Alrededor de Roxana se levantaba un ambiente turbio y hostil, protagonizado por las risotadas de los hombres que hacían quizá el décimo brindis de la tarde. Algunos de ellos eran mecánicos, veteados de grasa negra de los tobillos hasta las orejas. Otros, ancianos arrugados y de voz agria, gritaban sumidos en un jolgorio individual. Había moteles y residencias por doquier, rodeados por carros de venta de jugo de borojó y pollerías. Una decena de policías charlaban tranquilos en la estación de gasolina de en frente.

A pesar de que la luz del sol todavía iluminaba la tarde, el vallenato, el reguetón y la champeta de los diferentes bares y estaderos retumbaba desde los enormes parlantes que vibraban al son del perreo y la lujuria.

Cuando muchos de los trabajadores del sector finalizaban su jornada, Roxana lucía fresca y descansada. Su sonrisa blanca, decorada con el brillo de dos piercings en su lengua, es apenas una de las señales de la vida tranquila que vivió antes de convertirse en prostituta.

Su piel, bronceada pero no manchada por el exceso de sol, es un reflejo del cambio abrupto que sufrió su vida hace unos 18 meses, cuando llegó a Soledad después de un largo viaje desde su natal Caracas. En su hombro izquierdo, espalda y sobre su sostén azul lleva tres marcas de tinta negra, rodeada cada una por estrellas y otras figuras cósmicas. Sus hijos, frutos de una relación terminada por el impacto veloz de una bala, esperan en casa a que mamá les lleve la comida.

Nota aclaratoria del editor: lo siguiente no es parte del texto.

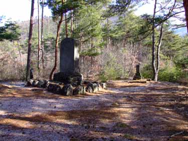 石碑とお墓がある台地を横切り、バラ線で仕切られた赤松林を抜けると松代温泉Rへの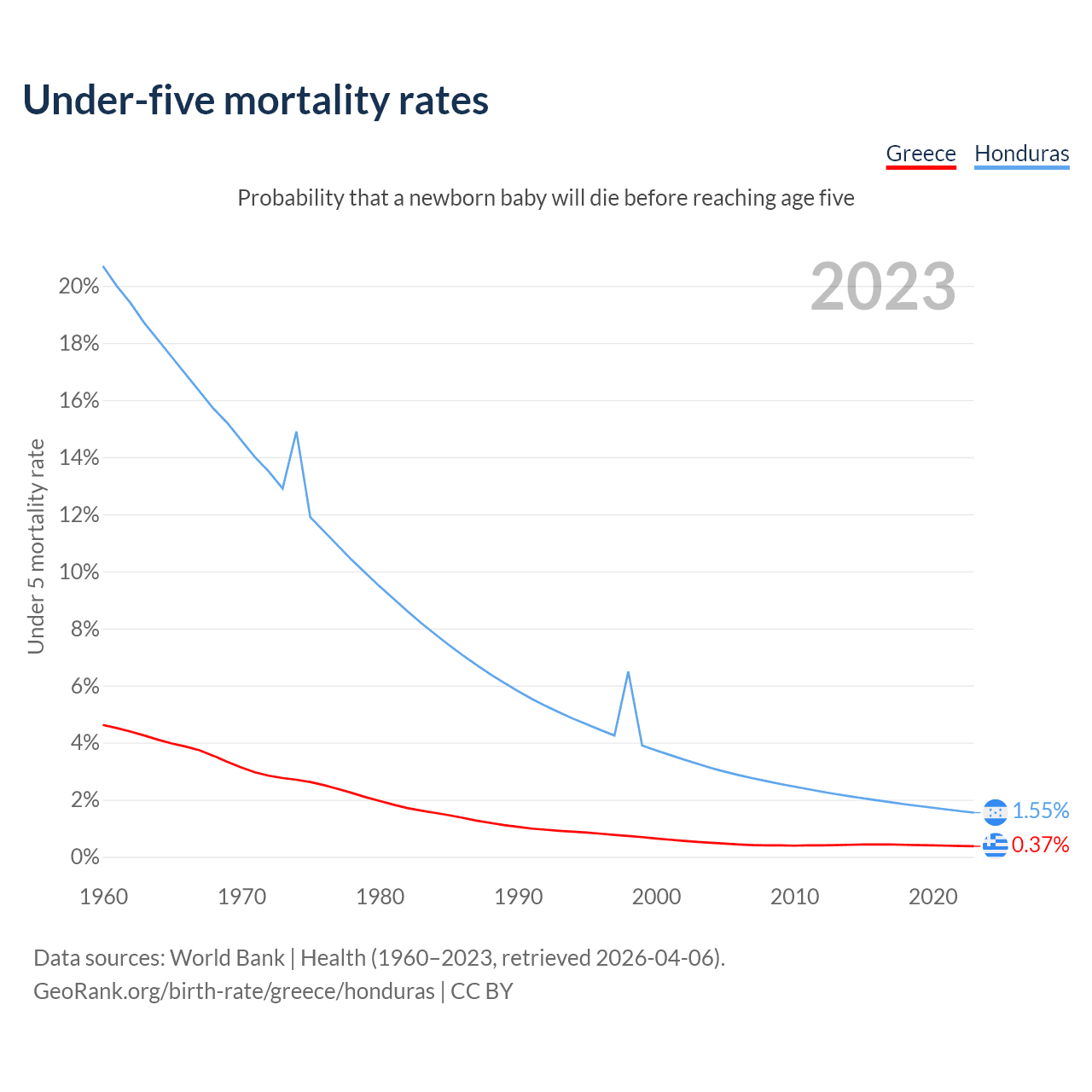 The chance that a newborn baby will die before reaching age five is 0.37% in Greece and 1.55% in Honduras. Above is a chart with historical data on under-five mortality rates.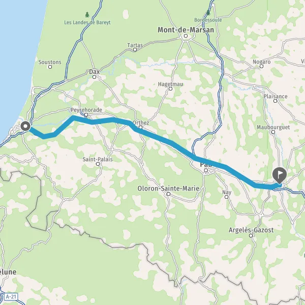 | Distance à vol d’oiseau | 129 km |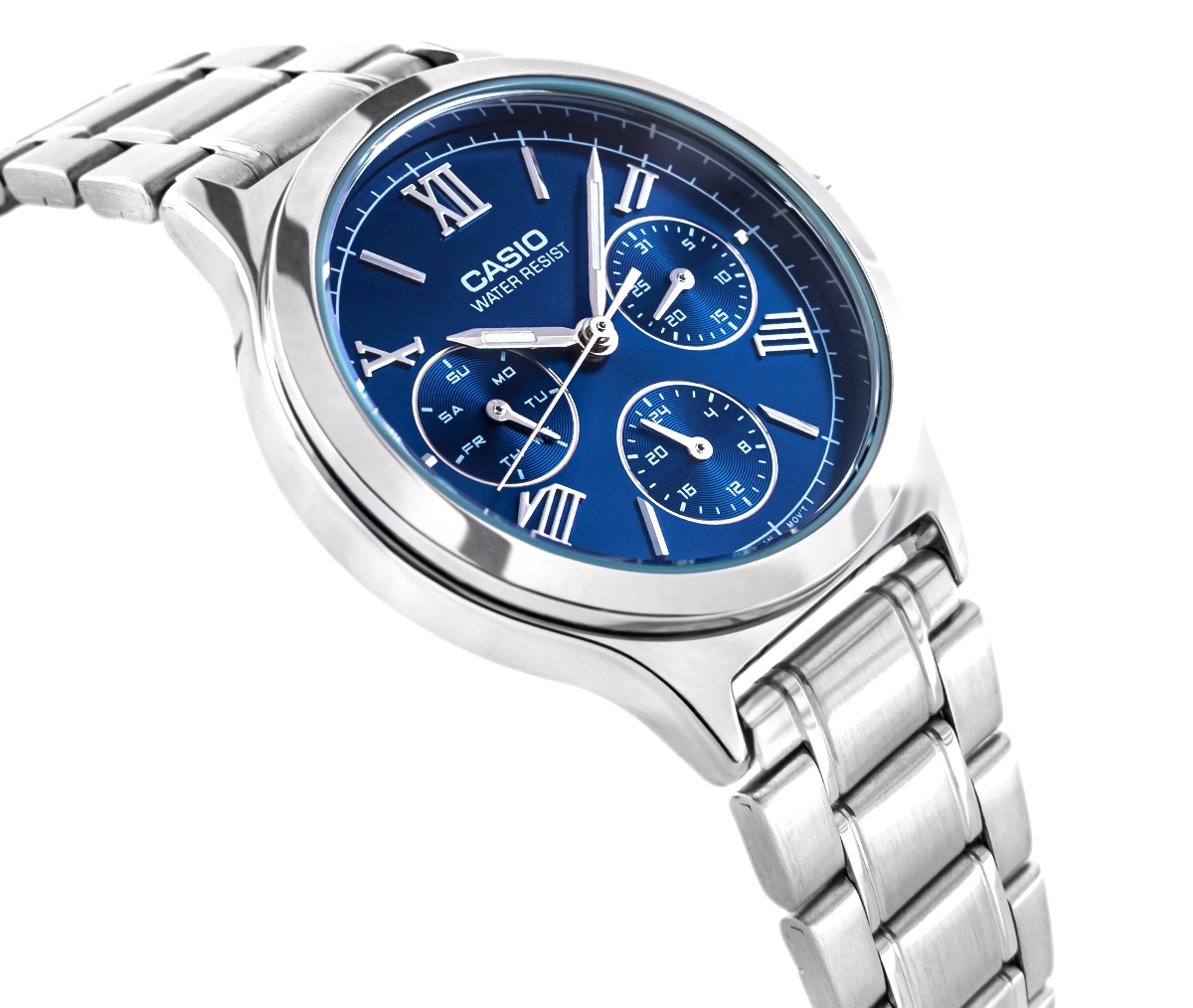 Ten zegarek CASIO to prawdziwa perła wśród damskich dodatków – hipnotyzuje głęboką, kobaltową tarczą, która w zależności od światła mieni się niczym tafla jeziora o zmierzchu. Delikatne rzymskie indeksy i smukłe wskazówki nadają mu klasy, a srebrna bransoleta z połyskiem subtelnie podkreśla kobiecy nadgarstek. Trzy małe tarcze dbają o codzienną organizację – pokazując dzień tygodnia, datę i czas 24-godzinny. To połączenie elegancji, funkcjonalności i zmysłowego uroku, stworzone dla kobiet, które kochają detale z charakterem.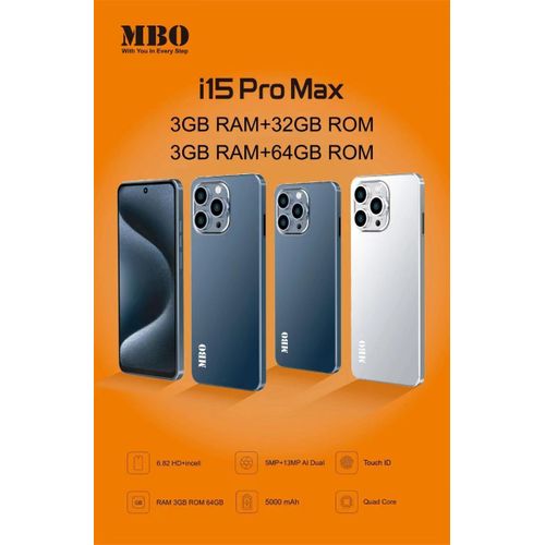 The MBO I15 Pro Max 3G is a smartphone designed to deliver a smooth everyday mobile experience at an affordable price. Featuring a large 6.82-inch HD+ display, 64GB of internal storage, a 13MP rear camera, and a long-lasting 5000mAh battery, this device balances style with substance in a sleek matte black finish.

Son varios los hombres que se le acercaron en los cerca de treinta minutos que llevaba de pie al lado de la tienda, un local esquinero de mala muerte en el que se venden más cervezas que libras de arroz o de queso. Mientras estaba ahí, de cacería como una leona cabeza de familia, pero tímida como una gacela en un estanque, un agente de Policía pasó a su lado sin determinarla, como a cualquiera de las otras siete mujeres que susurraban con los que llegaron preguntando por la tarifa.

A pocos metros de ella, pegado a la calle por la que transitan camiones, buses y taxis viejos, un hombre con tatuajes tribales simulaba ordenar su puesto de perros. Simulaba, sí, porque los utensilios estaban limpios y todos los panes guardados en bolsas plásticas. Varios sujetos se le acercaban, señalando con la cabeza a las chicas que deambulaban por la zona. Él, impávido, sonreía y las llamaba, a lo que ellas acudían y se quedaban conversando entre susurros con los tipos.

Intrusos

Antes de llegar a la carrera 15 en Soledad, también conocida como Avenida Caracas, cerca a la terminal de transportes, me dijeron que algunas mujeres podrían cobrar hasta cinco mil pesos por sus servicios. Incluso menos si el día no les reportaba mayores ganancias. Escuché que eran jovencitas, de no más de 25 años, y que su belleza había atraído a clientes de la capital del Atlántico. Incrédulo, y con $30.000 en el bolsillo, me aventuré hasta el epicentro de los rumores, a unas pocas cuadras de donde llegan miles de viajeros todos los días. Con solo llegar ahí, dejándome envolver por el retumbar de la bulla y el olor agrio del alcohol regado en el cemento, me di cuenta que nunca había hecho algo como eso en mi vida.

Temeroso, inexperto y en búsqueda de un compinche, fui hasta aquella esquina de la Avenida Caracas con mi amigo periodista Jesús Blanquicet, un caraqueño rubio y buen conversador. Yo, bien sifrino, como le llaman en Venezuela a los jóvenes acomodados, me sentí perdido en un ambiente ajeno a mi cotidianidad, por lo que mi colega me sugirió que pidiéramos una cerveza para intentar mezclarnos entre la gente.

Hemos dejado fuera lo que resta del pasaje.